Saturday, January 1, 2011

Day 3 - Christmas Day!

The four of us, Julia, Jane, Laurel and me had a wonderful breakfast together and opened gifts. Late morning found us on a long walk. We started out down the ‘dirt’ road out the main gate. After a few hundred yards its forest on both sides of the road. Jane spies a chipmunk looking rodent crossing the main road. The flora is beautiful along the main road.

We turn off the road on what looks like an old logging road. A sign marks the road, “Yana River” points us down the lane. Along this way we see and hear the forest insects, birds and other animals – and evidence of locals. There are piles of cut wood, small trees along the side of the road. It’s being gathered for pick-up later. I feel anguish about the forest being cut but at the same time I know the locals need fire wood for cooking. It’s hard to be very upset over that. Still there are many good reasons for the forest not to be cut down.
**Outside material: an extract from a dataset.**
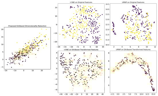 To place the proposed EA projector in context, we repeated the entire dimensionality reduction workflow with two standard reference techniques. For the linear baseline, we used Linear Discriminant Analysis (LDA) by applying the scikit-learn module []. We applied the model to the extracted DenseNet-121 features and exported the learned transformation matrix for later use on the test set. This guarantees a projection of, at most, dimensions, where C is the number of classes. The nonlinear comparator was the Uniform Manifold Approximation and Projection (UMAP), with default parameters of the Euclidean metric and 15 neighbors. The embedding dimensionality matched that of the proposed EA [].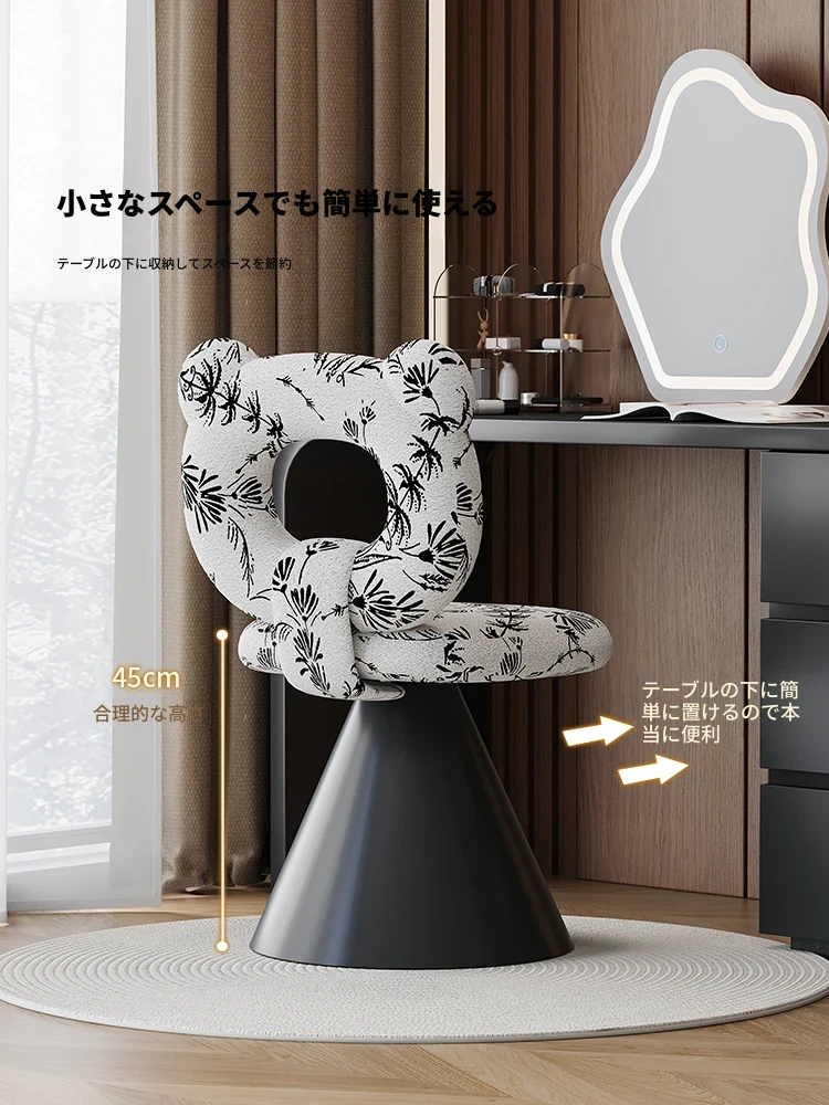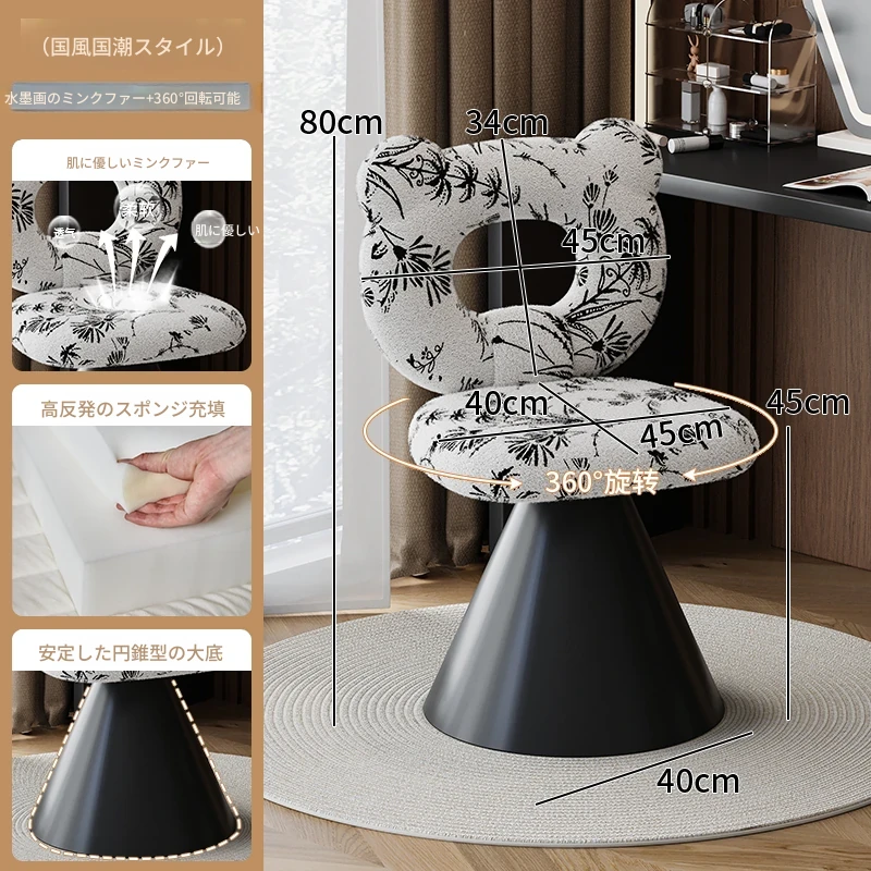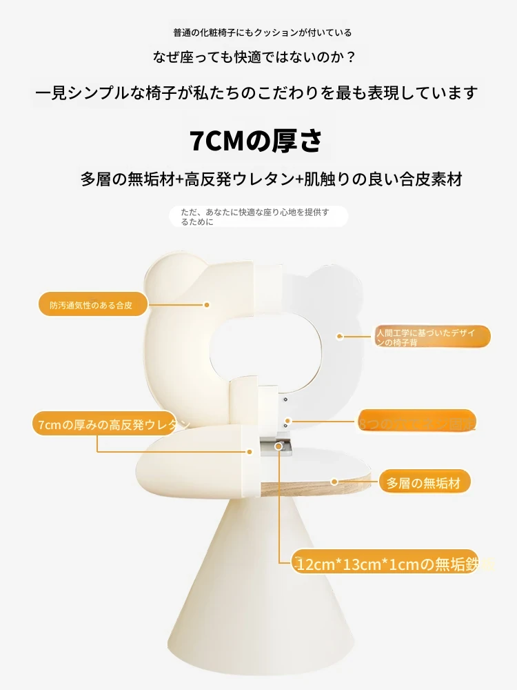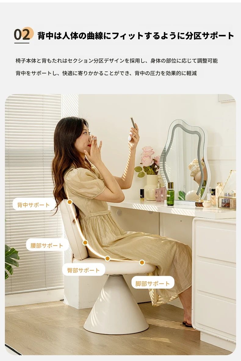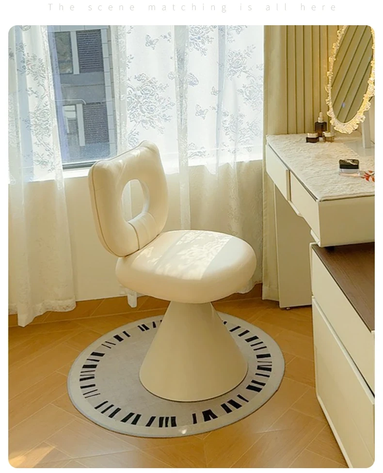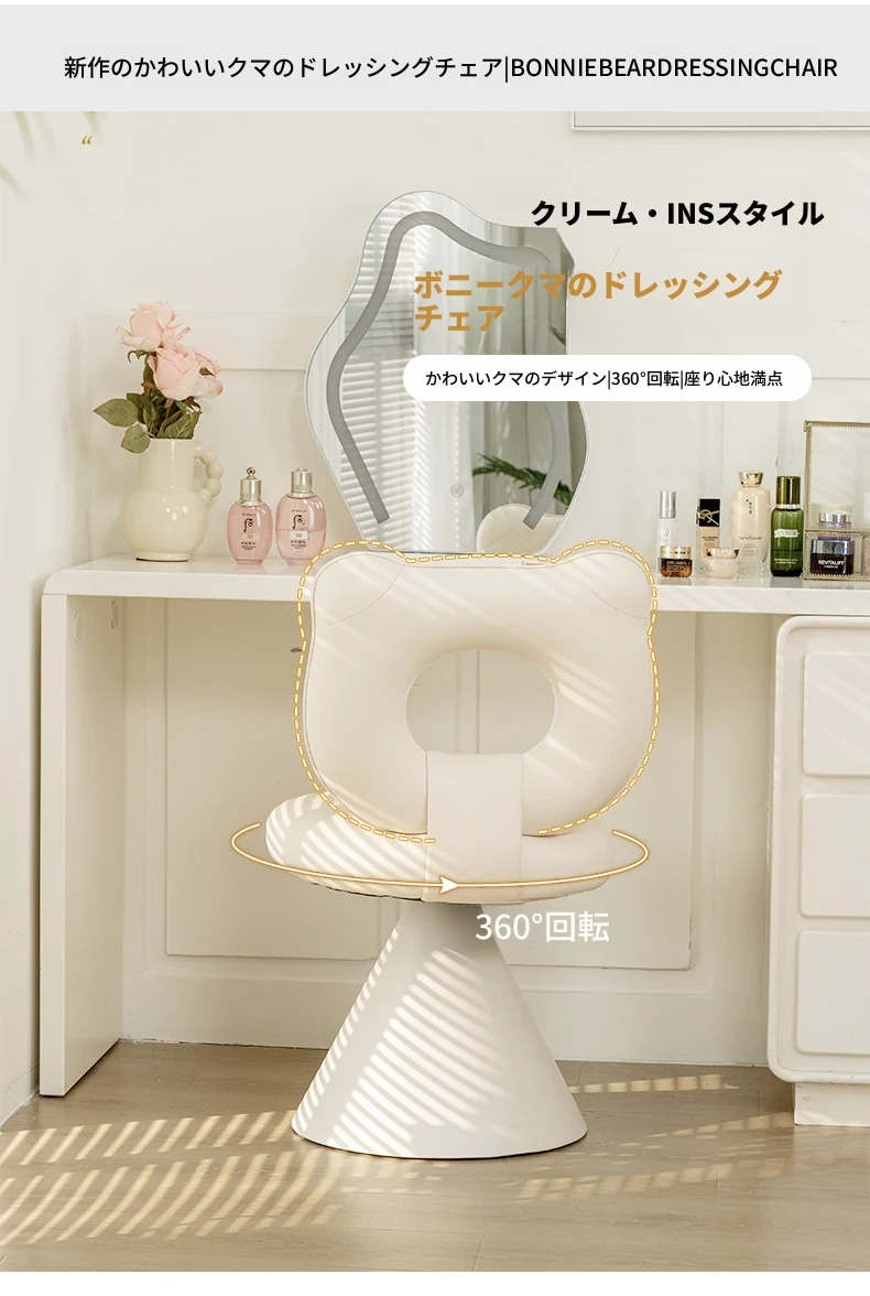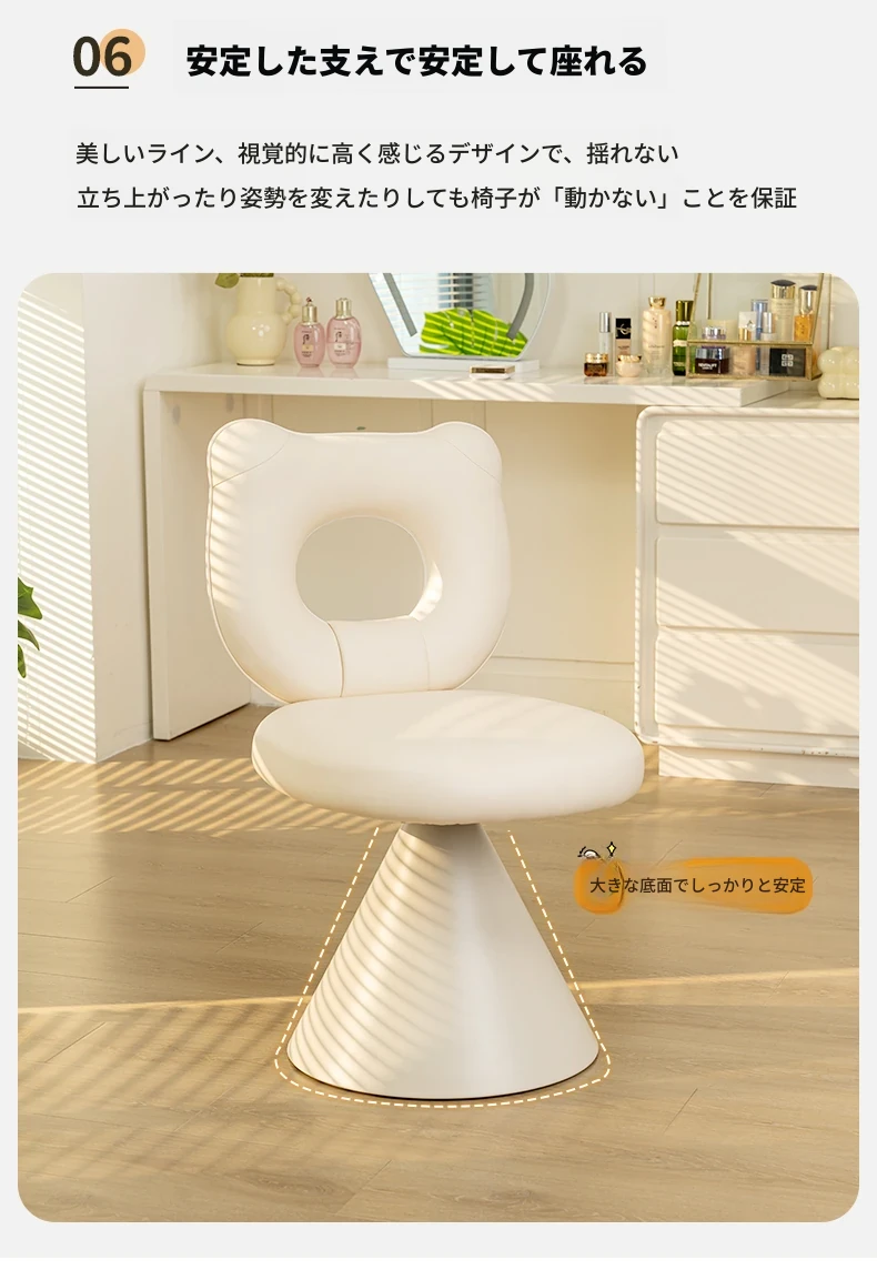 クリーム色の化粧椅子 - 女子向け主寝室やクローゼットに最適!高級感あふれるデザインで、回転式のネイル椅子としても大活躍。優雅な時間を演出するアイテムです!

After walking for more than an hour we reach a tributary of the river and my two companions decide to explore a smaller side trail. I opt to stay by the stream and rest a bit. Sitting quiet I am privileged to watch a multitude of various butterflies; small white or little lemon yellow ones, black and orange ones, large turquoise and black ones, huge yellow and black ones. My friends return and we hike back by another route through the forest. This two hour hike tells me I’m not very fit.

Every afternoon it seems to rain. Maybe that’s why they call it a rain forest. It’s the perfect opportunity to play a board game. Julia says the word and a staff member comes to build us a fire in one of the sitting rooms. We play a game of Clue while having our afternoon tea. Before we break, Laurel reads us some of the things she’s written over the years about Christmas. Laurel has worked with refugees in a lot of places around the world. Most of her prose is centered on the fact that Jesus and his family were also refugees.
It’s good to remember the challenges along with the bliss of having our Savior arrive. Our “God with us” understands the tough things humanity goes there.